(Supplied records Opens)

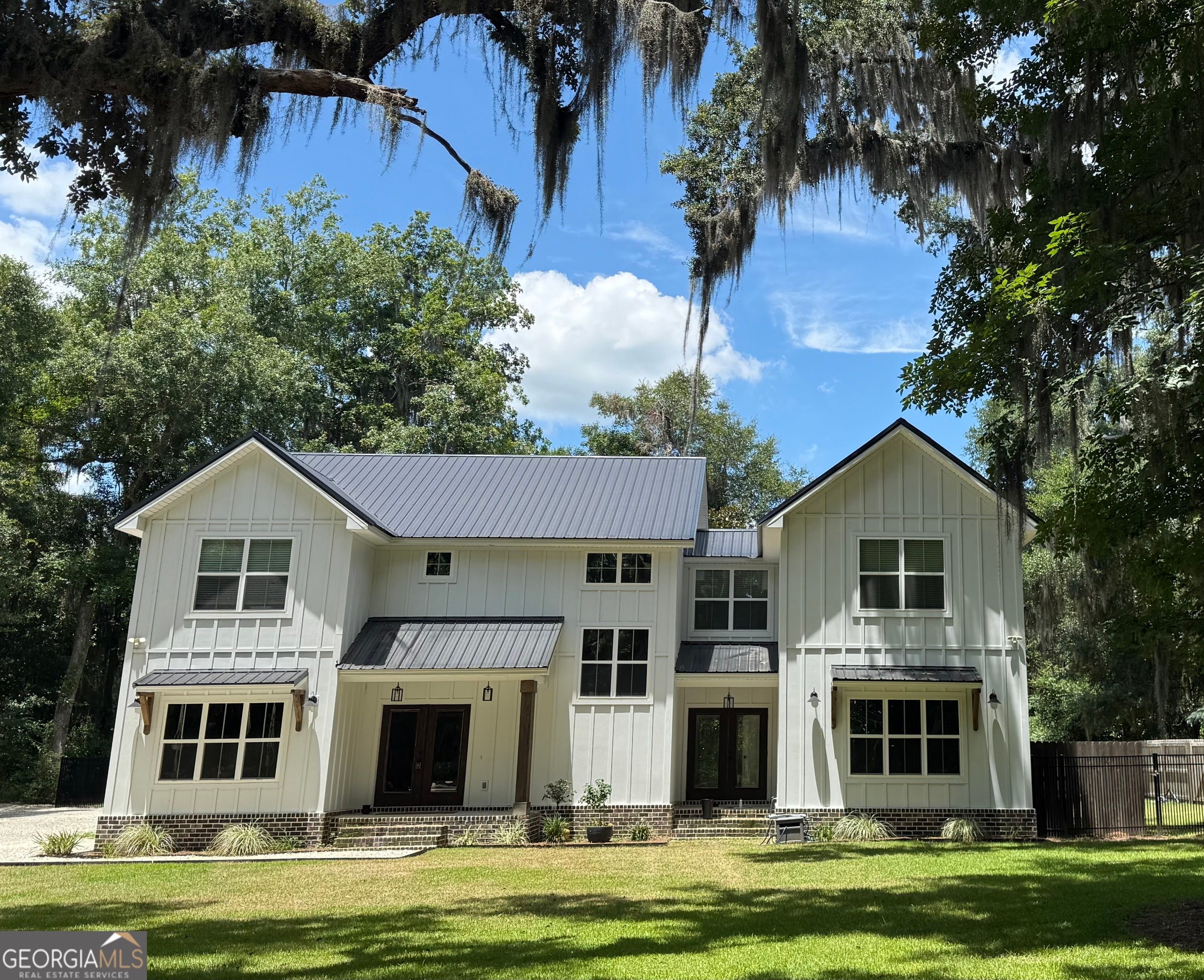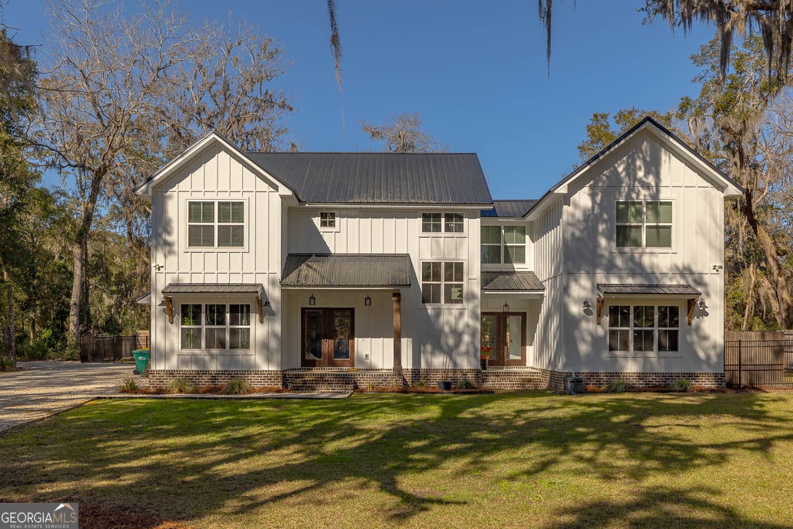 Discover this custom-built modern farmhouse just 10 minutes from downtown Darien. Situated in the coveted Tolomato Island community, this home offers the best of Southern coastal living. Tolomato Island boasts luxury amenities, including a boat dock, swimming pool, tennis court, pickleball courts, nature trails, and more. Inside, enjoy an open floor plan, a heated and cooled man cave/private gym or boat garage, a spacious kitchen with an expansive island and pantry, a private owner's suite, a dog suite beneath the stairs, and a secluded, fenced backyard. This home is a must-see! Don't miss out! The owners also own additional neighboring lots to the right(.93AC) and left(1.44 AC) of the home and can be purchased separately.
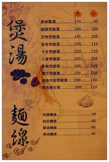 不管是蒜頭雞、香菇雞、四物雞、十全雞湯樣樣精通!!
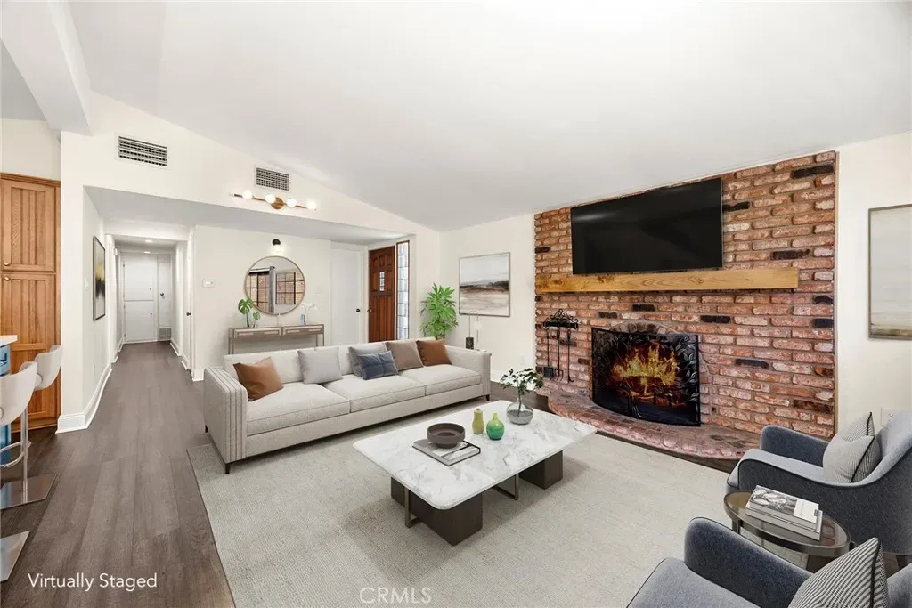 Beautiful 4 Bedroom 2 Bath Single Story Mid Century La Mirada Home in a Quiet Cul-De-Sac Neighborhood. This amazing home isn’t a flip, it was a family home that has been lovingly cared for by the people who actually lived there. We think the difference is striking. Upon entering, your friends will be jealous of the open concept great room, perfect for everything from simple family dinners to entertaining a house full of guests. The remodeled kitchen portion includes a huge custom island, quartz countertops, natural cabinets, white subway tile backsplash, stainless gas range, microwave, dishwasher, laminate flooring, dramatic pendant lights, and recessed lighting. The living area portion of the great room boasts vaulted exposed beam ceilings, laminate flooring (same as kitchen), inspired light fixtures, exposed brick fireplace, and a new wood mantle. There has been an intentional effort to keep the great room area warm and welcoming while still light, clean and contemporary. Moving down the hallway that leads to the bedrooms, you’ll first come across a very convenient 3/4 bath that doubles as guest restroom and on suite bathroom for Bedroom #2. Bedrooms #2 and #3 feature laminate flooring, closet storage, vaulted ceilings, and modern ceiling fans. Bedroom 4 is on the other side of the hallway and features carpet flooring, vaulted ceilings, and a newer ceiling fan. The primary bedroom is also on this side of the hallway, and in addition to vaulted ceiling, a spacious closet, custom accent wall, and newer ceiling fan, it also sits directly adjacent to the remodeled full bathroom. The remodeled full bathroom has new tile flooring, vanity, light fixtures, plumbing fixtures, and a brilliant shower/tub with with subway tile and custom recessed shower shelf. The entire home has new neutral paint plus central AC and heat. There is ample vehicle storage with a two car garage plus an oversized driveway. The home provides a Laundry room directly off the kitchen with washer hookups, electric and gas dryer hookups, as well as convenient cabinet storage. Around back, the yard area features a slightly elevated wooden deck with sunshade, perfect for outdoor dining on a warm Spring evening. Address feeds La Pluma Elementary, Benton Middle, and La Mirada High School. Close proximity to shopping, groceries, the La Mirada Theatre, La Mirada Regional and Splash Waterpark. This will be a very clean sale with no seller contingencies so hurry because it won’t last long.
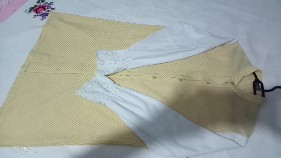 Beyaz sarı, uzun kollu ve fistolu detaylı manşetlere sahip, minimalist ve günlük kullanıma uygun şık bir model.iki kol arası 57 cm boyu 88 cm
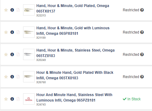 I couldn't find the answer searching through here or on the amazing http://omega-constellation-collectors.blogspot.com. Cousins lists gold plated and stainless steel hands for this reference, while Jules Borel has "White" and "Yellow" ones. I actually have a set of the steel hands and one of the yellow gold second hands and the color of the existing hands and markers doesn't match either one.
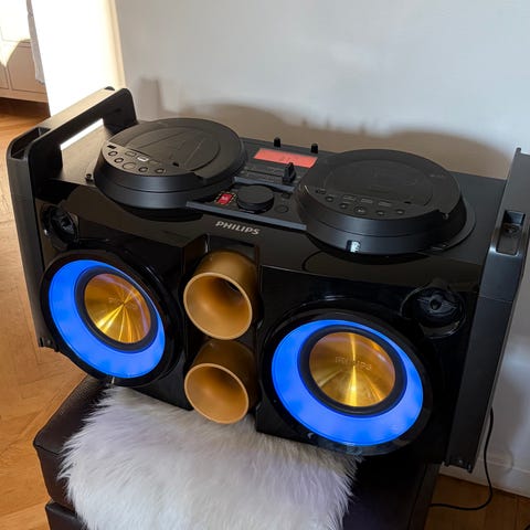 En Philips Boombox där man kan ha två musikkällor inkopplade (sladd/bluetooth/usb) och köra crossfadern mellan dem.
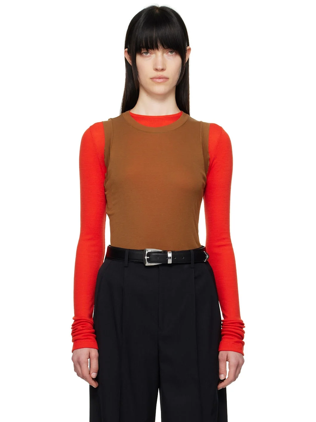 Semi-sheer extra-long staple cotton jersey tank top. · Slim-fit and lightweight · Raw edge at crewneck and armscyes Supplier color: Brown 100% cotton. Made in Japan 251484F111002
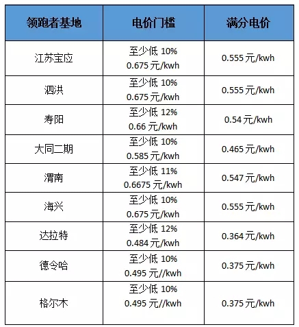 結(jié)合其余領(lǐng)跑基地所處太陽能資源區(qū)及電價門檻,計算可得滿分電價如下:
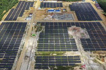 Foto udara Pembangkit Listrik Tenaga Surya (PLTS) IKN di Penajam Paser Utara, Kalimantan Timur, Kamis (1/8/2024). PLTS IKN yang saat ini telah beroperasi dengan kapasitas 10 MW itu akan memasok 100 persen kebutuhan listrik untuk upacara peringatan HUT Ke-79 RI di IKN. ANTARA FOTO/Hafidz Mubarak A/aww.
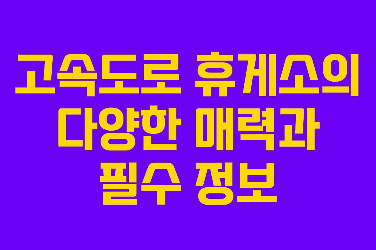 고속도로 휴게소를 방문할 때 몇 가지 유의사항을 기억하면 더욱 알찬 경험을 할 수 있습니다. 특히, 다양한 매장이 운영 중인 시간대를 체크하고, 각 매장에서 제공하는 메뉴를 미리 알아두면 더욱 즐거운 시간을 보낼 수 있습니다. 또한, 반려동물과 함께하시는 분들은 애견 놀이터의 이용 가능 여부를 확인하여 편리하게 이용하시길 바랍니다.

(Supplied records Closes)

Copy the listing in full and without alteration, omitting every picture.

● Solution below
 Discover this custom-built modern farmhouse just 10 minutes from downtown Darien. Situated in the coveted Tolomato Island community, this home offers the best of Southern coastal living. Tolomato Island boasts luxury amenities, including a boat dock, swimming pool, tennis court, pickleball courts, nature trails, and more. Inside, enjoy an open floor plan, a heated and cooled man cave/private gym or boat garage, a spacious kitchen with an expansive island and pantry, a private owner's suite, a dog suite beneath the stairs, and a secluded, fenced backyard. This home is a must-see! Don't miss out! The owners also own additional neighboring lots to the right(.93AC) and left(1.44 AC) of the home and can be purchased separately.
 不管是蒜頭雞、香菇雞、四物雞、十全雞湯樣樣精通!!
 Beautiful 4 Bedroom 2 Bath Single Story Mid Century La Mirada Home in a Quiet Cul-De-Sac Neighborhood. This amazing home isn’t a flip, it was a family home that has been lovingly cared for by the people who actually lived there. We think the difference is striking. Upon entering, your friends will be jealous of the open concept great room, perfect for everything from simple family dinners to entertaining a house full of guests. The remodeled kitchen portion includes a huge custom island, quartz countertops, natural cabinets, white subway tile backsplash, stainless gas range, microwave, dishwasher, laminate flooring, dramatic pendant lights, and recessed lighting. The living area portion of the great room boasts vaulted exposed beam ceilings, laminate flooring (same as kitchen), inspired light fixtures, exposed brick fireplace, and a new wood mantle. There has been an intentional effort to keep the great room area warm and welcoming while still light, clean and contemporary. Moving down the hallway that leads to the bedrooms, you’ll first come across a very convenient 3/4 bath that doubles as guest restroom and on suite bathroom for Bedroom #2. Bedrooms #2 and #3 feature laminate flooring, closet storage, vaulted ceilings, and modern ceiling fans. Bedroom 4 is on the other side of the hallway and features carpet flooring, vaulted ceilings, and a newer ceiling fan. The primary bedroom is also on this side of the hallway, and in addition to vaulted ceiling, a spacious closet, custom accent wall, and newer ceiling fan, it also sits directly adjacent to the remodeled full bathroom. The remodeled full bathroom has new tile flooring, vanity, light fixtures, plumbing fixtures, and a brilliant shower/tub with with subway tile and custom recessed shower shelf. The entire home has new neutral paint plus central AC and heat. There is ample vehicle storage with a two car garage plus an oversized driveway. The home provides a Laundry room directly off the kitchen with washer hookups, electric and gas dryer hookups, as well as convenient cabinet storage. Around back, the yard area features a slightly elevated wooden deck with sunshade, perfect for outdoor dining on a warm Spring evening. Address feeds La Pluma Elementary, Benton Middle, and La Mirada High School. Close proximity to shopping, groceries, the La Mirada Theatre, La Mirada Regional and Splash Waterpark. This will be a very clean sale with no seller contingencies so hurry because it won’t last long.
 Beyaz sarı, uzun kollu ve fistolu detaylı manşetlere sahip, minimalist ve günlük kullanıma uygun şık bir model.iki kol arası 57 cm boyu 88 cm
 I couldn't find the answer searching through here or on the amazing http://omega-constellation-collectors.blogspot.com. Cousins lists gold plated and stainless steel hands for this reference, while Jules Borel has "White" and "Yellow" ones. I actually have a set of the steel hands and one of the yellow gold second hands and the color of the existing hands and markers doesn't match either one.
 En Philips Boombox där man kan ha två musikkällor inkopplade (sladd/bluetooth/usb) och köra crossfadern mellan dem.
 Semi-sheer extra-long staple cotton jersey tank top. · Slim-fit and lightweight · Raw edge at crewneck and armscyes Supplier color: Brown 100% cotton. Made in Japan 251484F111002
 結(jié)合其余領(lǐng)跑基地所處太陽能資源區(qū)及電價門檻,計算可得滿分電價如下:
 Foto udara Pembangkit Listrik Tenaga Surya (PLTS) IKN di Penajam Paser Utara, Kalimantan Timur, Kamis (1/8/2024). PLTS IKN yang saat ini telah beroperasi dengan kapasitas 10 MW itu akan memasok 100 persen kebutuhan listrik untuk upacara peringatan HUT Ke-79 RI di IKN. ANTARA FOTO/Hafidz Mubarak A/aww.
 고속도로 휴게소를 방문할 때 몇 가지 유의사항을 기억하면 더욱 알찬 경험을 할 수 있습니다. 특히, 다양한 매장이 운영 중인 시간대를 체크하고, 각 매장에서 제공하는 메뉴를 미리 알아두면 더욱 즐거운 시간을 보낼 수 있습니다. 또한, 반려동물과 함께하시는 분들은 애견 놀이터의 이용 가능 여부를 확인하여 편리하게 이용하시길 바랍니다.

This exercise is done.